Both training strategies work well in our experiments. When applying the trained model one obtains the class label by selecting the most probable label:

$$\begin{aligned} \hat{y}(x;\hat{\mathbf {\Theta }}) = \mathop {\text {arg max }}\limits _j P_j^M(x;\hat{\mathbf {\Theta }}), \end{aligned}$$

(5)

where $\hat{y}$ denotes the label output for input image x and model parameters $\hat{\mathbf {\Theta }}$.

2.2 Why an Additive Network is Beneficial

To give insight into the effect of adding model outputs before the softmax in the cascade we approximate the loss function to first order. We use the cross-entropy loss for multi-class segmentation which for a single model output, $\phi ^0$, is

$$\begin{aligned} \mathcal {L}_{CE}^0 = - \sum _{j=0}^{C-1}y_j \ln (\sigma (\phi ^0_j)), \end{aligned}$$

(6)

where j is the class index and C is the total number of classes. Considering a cascaded model of two FCNs, we assume we trained the first FCN $\phi ^0$ by optimizing $\mathcal {L}_{CE}^0$. With the additive output of the second model, the loss becomes

$$\begin{aligned} \mathcal {L}_{CE}^1 = - \sum _{j=0}^{C-1}y_j \ln (\sigma (\phi ^0+\phi ^1)_j). \end{aligned}$$

(7)

We can think of $\phi ^1$ as a perturbation to $\phi ^0$. Approximating the loss function (7) around $\phi ^0$ via a Taylor series expansion results in

$$\begin{aligned} \mathcal {L}_{CE}^1&\approx - \sum _{j=0}^{C-1}y_j \ln (\sigma (\phi ^0_j)) - \sum _{j=0}^{C-1}y_j \sum _{l=0}^{C-1} \frac{\partial \ln \sigma (\phi ^0)_j}{\partial \phi ^0_l}\phi ^1_l \nonumber \\&= \mathcal {L}_{CE}^0 +\sum _{j=0}^{C-1}y_j \sum _{l=0}^{C-1} \varDelta {\mathcal {L}_{CE}^1}_j(\phi ^1_l|\phi ^0), \end{aligned}$$

(8)

where $\mathcal {L}_{CE}^0$ only depends on $\phi ^0$ and can therefore be ignored for sequential training of $\phi ^1$; $\varDelta {\mathcal {L}_{CE}^1}_j(\phi ^1_l|\phi ^0)$ captures how the loss depends on the output of the second model for class l, $\phi ^1_l$, for voxels annotated as class j:

$$\begin{aligned} \varDelta {\mathcal {L}_{CE}^1}_j(\phi ^1_l|\phi ^0) = \left\{ \begin{array}{lr} -(1-\sigma (\phi ^0_j))\phi ^1_j = -(1-P_j^0)\phi _j^1 &{} , \; l = j\\ \sigma (\phi ^0_l)\phi ^1_l = P_l^0\phi _l^1 &{} , \; l \ne j \end{array} \right. . \end{aligned}$$

(9)

Intuitively, when the first model performs well $P^0_j$ is high and $P^0_{l, l\ne j}$ is low; increasing $\phi ^1_j$ and decreasing $\phi ^1_{l, l\ne j}$ is of low benefit to reduce the loss. When the first model performs badly $P^0_j$ is low and $P^0_{l, l\ne j}$ is high; increasing $\phi ^1_j$ and decreasing $\phi ^1_{l, l\ne j}$ is of high benefit. I.e., improving the prediction where the first model perform badly is more beneficial than improving already good predictions. In effect, the loss of the additive model naturally weighs each voxel so that it focuses on problematic regions.

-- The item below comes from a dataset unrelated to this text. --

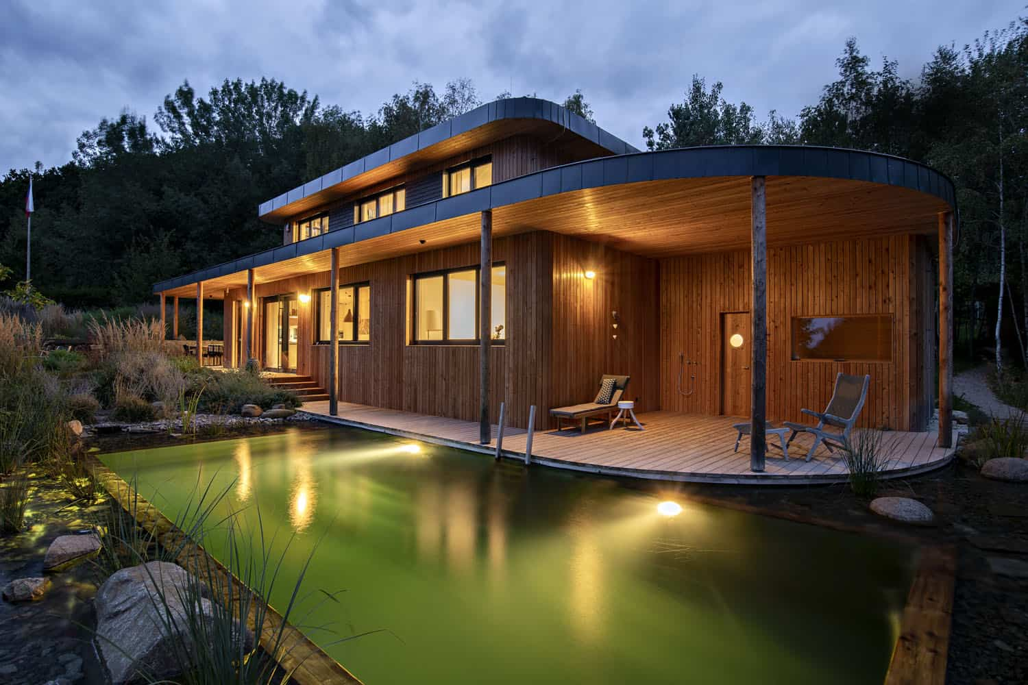Dům obklopený terasou, jezírkem a krásnou zahradou na první pohled upoutá pozornost dřevěnou fasádou a atypickými oblými tvary. Architektonický koncept je založen na dokonalém propojení přírody, pohodlí a tradic staré východní filozofie.

2.3 3D Fully Convolution Networks

Many FCN variants exist [3, 12]. The U-Net [13] and the 3D U-Net [14] have been popular to segment medical images. U-Nets add skip connections between the encoder/decoder paths to retain high resolution features. We use the 3D U-Net as our elementary FCN because of its good performance. The original 3D U-Net is a dense architecture with four resolution steps in the encoder/decoder paths, and 512 feature channels at the bottleneck, resulting in a total of $\sim $19 million parameters. We also build three simpler U-Nets with fewer feature channels and fewer resolution levels (Fig. 2). The smallest one has only 45,808 parameters.

3 Experiments

For each U-Net, we train a cascaded model of length M, where M is larger for smaller U-Nets as the performance of a model with more complex U-Nets saturates with smaller M. We explore results for end-to-end and sequential training. We also use only contextual input and only additive output for our cascaded U-Net-3$\,\times \,$6 model to investigate the impact of our two key techniques. We study memory use and runtime to explore our model’s segmentation efficiency.

3.1 Dataset and Preprocessing

We use knee MRIs from the Osteoarthritis Initiative consisting of 176 MR images from 88 patients (2 longitudinal scans per patient). We split the dataset into a training set of 60 patients (120 images), a validation set of 8 patients (16 images) and a test set of 20 patients (40 images). All images are of size $384\,\times \,384\,\times \,160$ and resolution $0.36\,\times \,0.36\,\times \,0.7\,\mathrm{mm}^3$ per voxel. We normalize the intensities of each image such that the 0.1 percentile and the 99.9 percentile are mapped to $\{0,1\}$ and clamp values that are smaller to 0 and larger to 1 to avoid outliers. We did not apply bias-field correction, because our exploratory experiments indicated that bias-field correction did not substantially impact segmentation results. For each volume, femoral and tibial cartilage are annotated on sagittal slices. We transform the corresponding 2D polygon annotations to 3D label maps.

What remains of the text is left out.